Your instructions: Among the lines below, output only those between the line holding "Fig. 7: El Periódico" and the line holding "Visual: trainingen Opleiding", inclusive, exactly as written and with no pictures.

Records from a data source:
+-------+

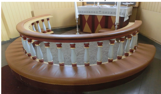
Alterringen i Deset kirke.

I noen moderne kirker er alterringen plassert i midten av kirkerommet, og en del steder har den form som en firkant heller enn en ring, men i det store flertallet av kirker er den en halvsirkel, formet rundt alteret. En ide knyttet til dette, er at den halve sirkelen også har en annen halvpart, som er “i det hinsidige”, og hvor folk som har gått bort, helgener, også deltar i måltidet, sammen med de levende; dette peker også mot den kristne tenkningen om døden; - de døde slutter ikke å eksistere, men de er hos Gud, på et sted utenfor vår fatteevne og vårt synsfelt.
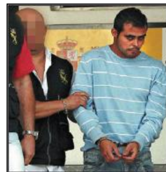
Fig. 7: El Periódico

Diego, víctima (Figs. 8–21). La cobertura gráfica del ‘caso Aitana’ da un vuelco. En primer lugar, las mismas fotografías de agencia extravían personajes (los agentes
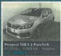
Peugeot 308 1.2 PureTech 07/2019 - 15063 km - Essence 17 900 €
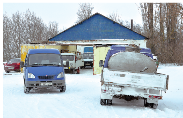
Очередь за молоком.
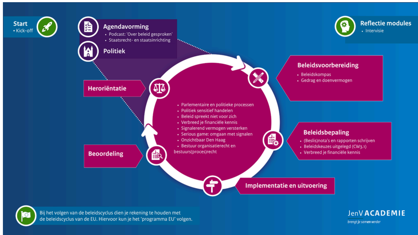
Visual: trainingen Opleiding Beleid in beleidscyclus

Binnen de opleiding wordt een onderscheid gemaakt tussen basis- en verdiepende trainingen. De basistrainingen zijn voor beginnende beleidsmedewerkers: hier leer je kennis en vaardigheden die onmisbaar zijn als professional! De verdiepende trainingen zijn voor de meer ervaren beleidsmedewerker. Idealiter volgt elke beginnend beleidsmedewerker alle trainingen.
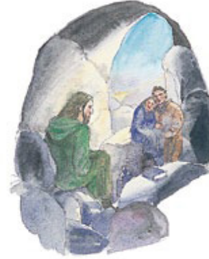
தேவனுடைய மக்கள் உபத்திரவத்திற்குத் தப்பும்படி பூமியின் தனிமையான இடங்களுக்கு ஓடினர்.

வெளி. 12 மற்றும் 14ல், இயேசு தமது கடைசிகால சபையை அடையாளம்காண ஆறு குறிப்புகளைக் கொடுக்கிறார். இந்த வேதபாடத்தின் மீதிபகுதியைப் படிக்கும்போது அவைகளை கவனித்துப்படியுங்கள்.
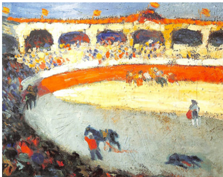
Figura 2. Pablo Picasso, Corrida de toros , 1901, óleo sobre lienzo, colección privada, Nueva York.
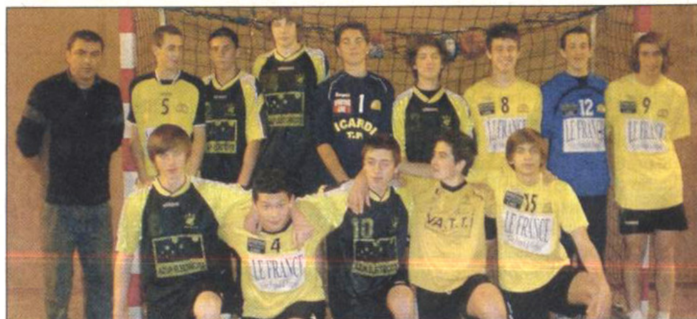
Actuellement en milieu de tableau, les moins de 18 ans espèrent bien se qualifier en championnat de France dès la fin de leur première saison.
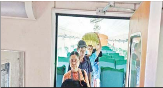
ပဲခူး-မော်လမြိုင်လမ်းပိုင်း သိမ်ဆိပ်ဘူတာနှင့် ဒုံဝန်းဘူတာအကြား ရထားလမ်းချော်ကျသည့် အမှတ်(၈၂)အစုန် ရထားပေါ်မှ ခရီးသည်များ ရထားကူးပြောင်းနေစဉ်။

နေပြည်တော် ဇူလိုင် ၁၇ ယနေ့ မော်လမြိုင်မှထွက်ခွာလာသည့် အမှတ်(၈၂)အစုန် မော်လမြိုင် - ရန်ကုန် လူစီးအမြန်ရထားသည် မွန်ပြည်နယ် သထုံမြို့နယ် သိမ်ဆိပ်ဘူတာနှင့် ဒုံဝန်းဘူတာအကြား မိုင်တိုင် အမှတ် ၁၂၃/၀၇-၀၅ သို့ နံနက် ၁၁ နာရီ ၁၀ မိနစ်အချိန် ရထားရောက်ရှိပြန်သည့်အခါ အဆိုပါ နေရာ၌ ရထားလမ်းပိုင်းပေါက်ကွဲထားခြင်းကြောင့် သံလမ်းတစ်ပေခွဲခန့် ပြတ်တောက်နေသဖြင့် စက်ခေါင်းနှင့်အတူ ရထားတွဲဆိုင်းတွင်ပါရှိသော လူစီးတွဲနှစ်တွဲ လမ်းချော်ကျမှု ဖြစ်ပွားသည်။ ရထားလမ်းချော်ကျမှုကြောင့် ခရီးသည်နှင့် ဝန်ထမ်းထိခိုက်မှုမရှိဘဲ သိမ်ဆိပ်-ဒုံဝန်း လမ်းပိုင်းကို နံနက် ၁၁ နာရီ ၁၃ မိနစ်တွင် ယာယီပိတ်ထားခဲ့ရသည်။ လမ်းပိုင်းပိတ်ဆို့မှုကြောင့် ယနေ့ နံနက်ပိုင်းတွင် ရန်ကုန်မှ ပုံမှန်ထွက်ခွာလာသော အမှတ်(၈၁)အစုန် လူစီးရထားသည် နံနက် ၁၁ နာရီ ၄၄ မိနစ်အချိန်တွင် ကျိုက်ထိုသို့ ရောက်ရှိနေပြီး အဆိုပါ ရထားတွင် ရိုးရိုးတန်းခရီးသည် ၄၆၀ နှင့် အထက်တန်းခရီးသည် ၂၅၅ ဦး စုစုပေါင်း ၆၅၅ ဦး ပါရှိကြောင်း သိရှိရသည်။ ဆက်လက်ပို့ဆောင် လမ်းချော်ကျသည့် မော်လမြိုင်မှ ထွက်ခွာလာသော အမှတ်(၈၂)အစုန် လူစီးအမြန်ရထားပေါ်တွင် လိုက်ပါလာသည့် ရိုးရိုးတန်းခရီးသည် ၃၁၃ ဦးနှင့် အထက်တန်းခရီးသည် ၁၄၆ ဦး စုစုပေါင်း ၄၅၉ ဦးအား ဆက်လက်ထွက်ခွာနိုင်ရေး
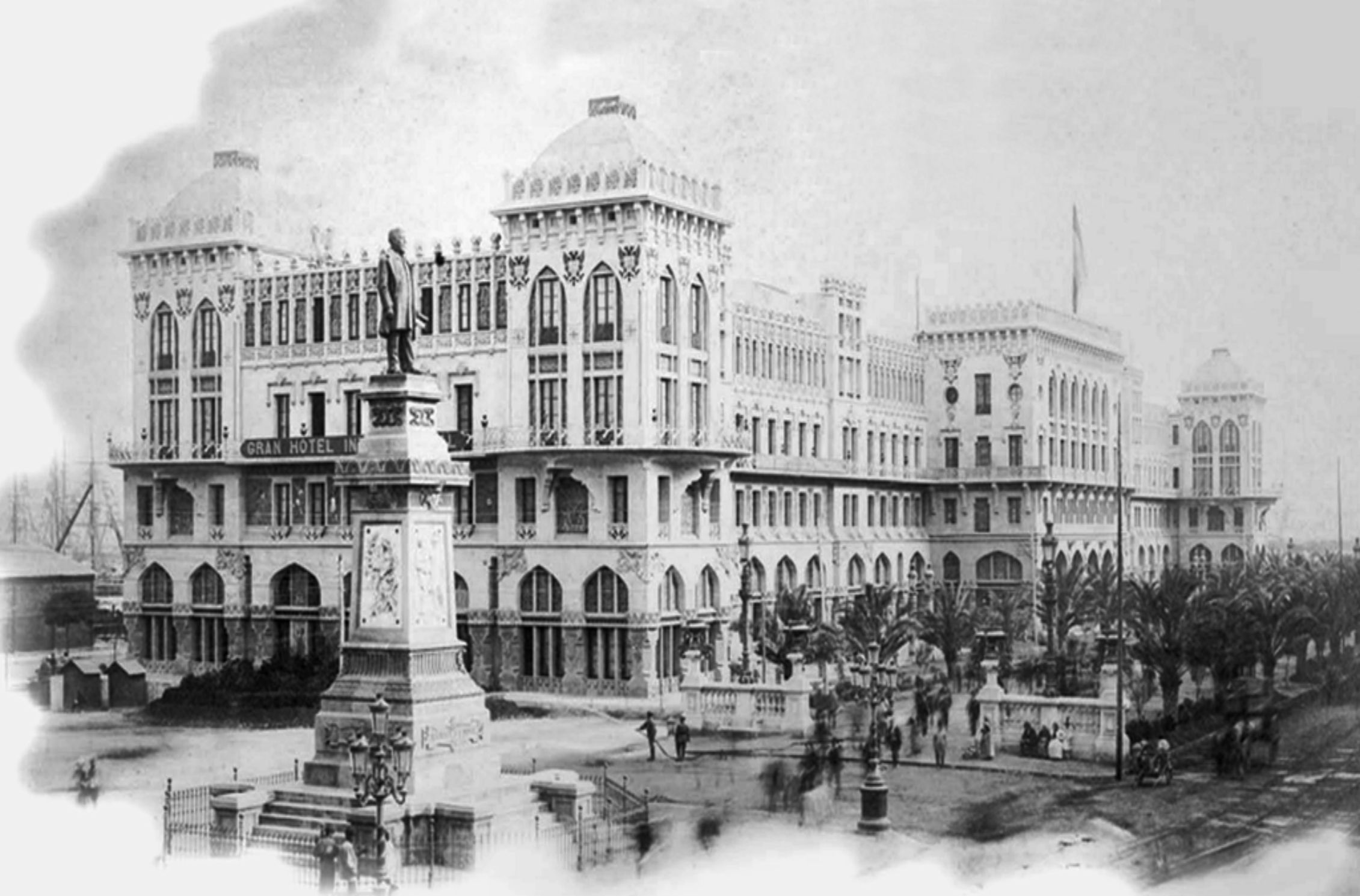
Grand Hotel Internacional (Domenech i Montaner, 1888)

+-------+

Answer to this problem:
Fig. 7: El Periódico

Diego, víctima (Figs. 8–21). La cobertura gráfica del ‘caso Aitana’ da un vuelco. En primer lugar, las mismas fotografías de agencia extravían personajes (los agentes
Peugeot 308 1.2 PureTech 07/2019 - 15063 km - Essence 17 900 €
Очередь за молоком.
Visual: trainingen Opleiding Beleid in beleidscyclus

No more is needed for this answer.